Женщин, совершавших возле моего погибшего друга свой таинственный обряд,
нигде не было видно. Исчез и Гримнир, что меня немного порадовало
(насколько я вообще мог радоваться в подобной ситуации). Я открыл второй
глаз и окончательно проснулся. Все тело у меня ныло, потому что накануне
вечером, обессиленный слезами и горячкой, я уснул прямо в углу возле
печки, не заметив, что под бок мне закатилось полено. И теперь было такое
впечатление, будто меня этим поленом крепко поколотили. Жара у меня уже не
было. Я хоть и был довольно слаб, но не горел и вообще подавал надежды на
скорое выздоровление.
Свист повторился. Я сел. Было уже утро, о чем я судил по лучу света,
падавшему на пол из маленького окошка. В луче отчетливо просматривались
летние Пыльники - крошечные зловредные человечки, покрытые сереньким
пушком. И живут-то всего два-три дня, но за это время успевают здорово
напакостить. Я попробовал заговорить с ними, но они шарахнулись от меня и
ринулись по лучу обратно в окошко.
Я поднялся и заковылял к нарам. Исангард лежал, завернутый в чистое
полотно. Надо же, как его запаковали для похорон. Понимают в этом толк,
ведьмы. Мы с ним, кстати, всегда были готовы к подобной неприятности (я
имею в виду скоропостижную гибель) и на всякий случай заранее обсудили,
кого и как надлежит хоронить. Так, еще четыре года назад мне было поручено
закопать безжизненное тело моего друга (буде таковое объявится) вместе с
его верной подругой Атвейг. Теперь я вспомнил тот давний разговор и
мысленно дал себе слово проследить за тем, чтобы Гримнир не наложил свою
волосатую лапу на чудесный меч.
Тело шевельнулось. Я не сразу обратил на это внимание, поскольку был
погружен в горестные думы. Однако тело недовольно задергалось, и с этим я
был вынужден считаться. Исангард приоткрыл мутные глаза.

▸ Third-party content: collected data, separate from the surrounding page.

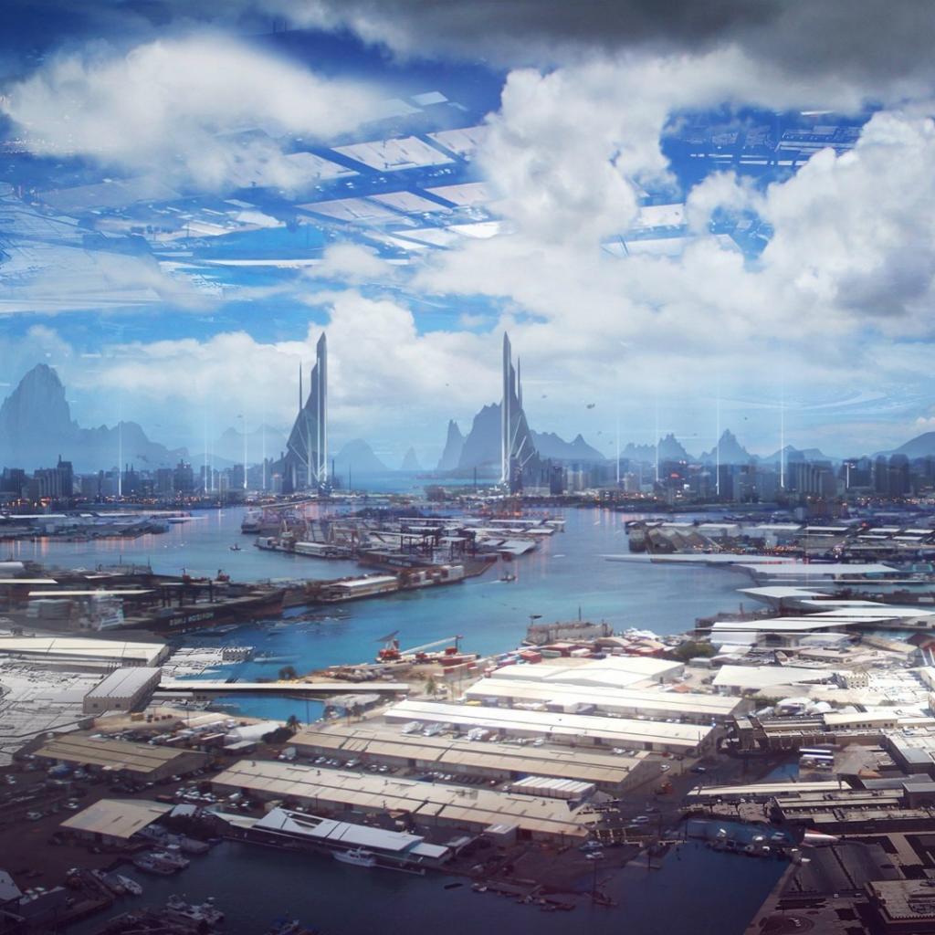 Wallpaper Rays of light in a fantastic city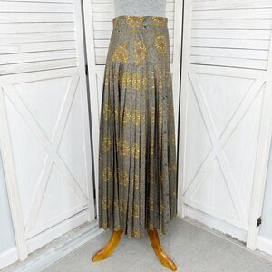 Calliope Vintage Jewel Damask Print Pleated Maxi Skirt Taupe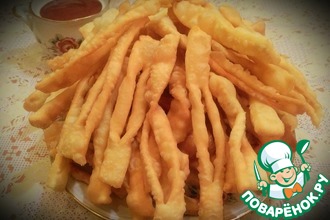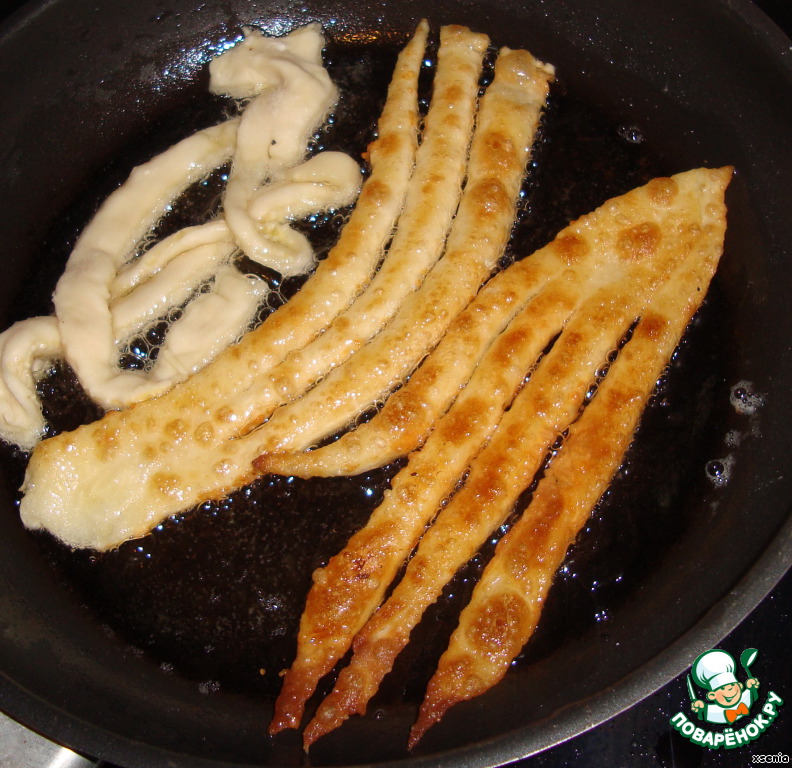 В хорошо нагретое растительное масло выкладываем хворост и обжариваем на среднем огне с двух сторон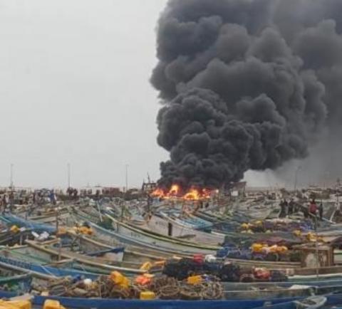 اندلع قبل قليل حريق فى ميناء خليج الراحة بمدينة نواذيبو

- Кода... - сказал он еле слышно.
Слезы немедленно потекли у меня из глаз.
- Все в порядке, - сказал я. - Я здесь. Враги уничтожены.
У него дернулся рот, словно он хотел улыбнуться.
- Лежи тихо, - сказал я. - Только вот что. Как ты считаешь,
кто-нибудь должен знать, что ты живой? Хочешь, я тайно унесу тебя в лес?
Вообще-то я даже поднять его не смог бы, но в тот момент я от радости
как-то забыл об этом.
Исангард шепнул:
- Мне трудно разговаривать.
Под стенкой опять свистнули. Я поднял палец и сказал вполголоса:
- Пойду на разведку. Не нравится мне этот свист. А ты лежи,
прикидывайся мертвым. У тебя классно получается.
Я на цыпочках двинулся к выходу. Проклятая дверь так заскрипела, что
все мои предосторожности тут же полетели к черту. Я выругался, помянув
кости пророка Фари, и уже не таясь вышел из дома.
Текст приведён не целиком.